I am having an issue with the class inheritance in my code. Here is what I am doing: I have two classes, one called Employee and the second called Manager. Employee is the base class, it has a function that prints Business card, containing the name of the company and the function name(), that prints the name of the employee. Class Manager is a derived class and inherits (public: Employee). When I try to print the same business card for the manager, it does not display the name, only the company name. What could be the problem? Below is the little snippet of, first, the Employee class:
class Employee {
public:
// Constructor
Employee(const char* name, double salary) : _name(name), _salary(salary) {}
Employee() : _name(" "), _salary(0) {} // default constructor
// Accessors
const char* name() const { return _name.c_str() ; }
double salary() const { return _salary ; }
// Modifyers (if needed)
double set_salary( double salary) {
_salary = salary;
return _salary;
}
// Print functions
void businessCard(ostream& os = cout) const {
os << " +------------------+ " << endl
<< " | ACME Corporation | " << endl
<< " +------------------+ " << endl
<< " " << name() << endl ;
}
private:
string _name ;
double _salary ;
} ;
and, secondly, the Manager class:
class Manager : public Employee {
public:
// Constructors
Manager(const char* name, double salary, set<Employee*>& subordinates) :
_name(name), _salary(salary), _subs(subordinates) {}
...
// Accessors
const char* name() const {
string name;
name += _name;
name += " (Manager)";
return name.c_str() ;
}
void businessCard(ostream& os = cout) const {
Employee::businessCard();
}
private:
string _name ;
double _salary ;
} ;
The problem, as I think, is in the name() function, because if I write it explicitly, it appears on the card, though it is not inherited. Could anyone help?

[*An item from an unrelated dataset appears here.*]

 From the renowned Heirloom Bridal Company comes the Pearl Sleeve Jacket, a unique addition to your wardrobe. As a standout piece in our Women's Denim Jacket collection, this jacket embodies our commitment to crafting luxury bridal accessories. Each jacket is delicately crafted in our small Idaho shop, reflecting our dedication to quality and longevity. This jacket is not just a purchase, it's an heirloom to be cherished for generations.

When you call Employee::businessCard();
it will call const char* name() const { return _name.c_str() ; }
of Employee
class. But earlier during the construction of the Manager
object, you haven't passed name to the base class Employee
, so it's not set in Employee
class and you got it empty while printing.
So to make it work, it should be something like
Manager(const char* name, double salary, set<Employee*>& subordinates) : Employee(name,salary), _subs(subordinates)
and remove _name
and _salary
member variables from manager as it defeats the purpose of inheritance in this example.